Josephine Flores’s home was attacked on October 31 by similar weapons.

“What if they would have killed somebody?” she asked FOX 17 on November 1. “What if my niece wouldn’t have been able to get out of the room?”

The Leisure Estate home owner tells FOX 17 he believes the attacks on him and his family were gang-related. He says he lost a home in Holland five years ago from a Molotov attack.

He says gang activity in the Holland area is becoming a real problem.

FOX 17 took the question to the Ottawa County Sheriff’s Department.

Lieutenant Mark Bennett says the acts “from an investigative standpoint, appear to be associated with gang activity.”

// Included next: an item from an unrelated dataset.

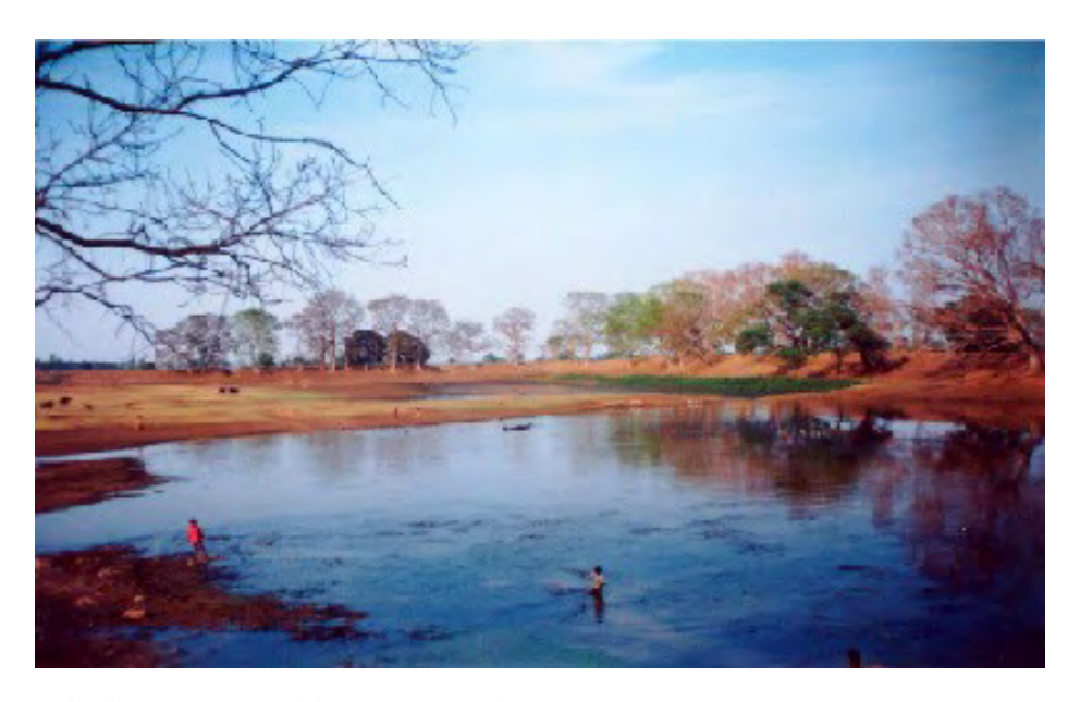
A silted up traditional tank with large trees on the embankment; District Bilaspur, Chhattisgarh, India

But that doesn’t mean the two incidents involving the explosives are tied together in any way. Bennett says every crime has to be treated individually.

“As we put it in a broader perspective of crime prevention, that becomes more of an issue: is it gang-related? Is it not?”

The key to curbing the crimes is a vocal community.

“Suspicious type vehicles, small little skirmishes around the neighborhood. Those kinds of things that go unreported. I think it’s important to report those because that’s how we build information.”

Bennett says people are normally afraid of coming forward, but it’s vital to success investigations that they do.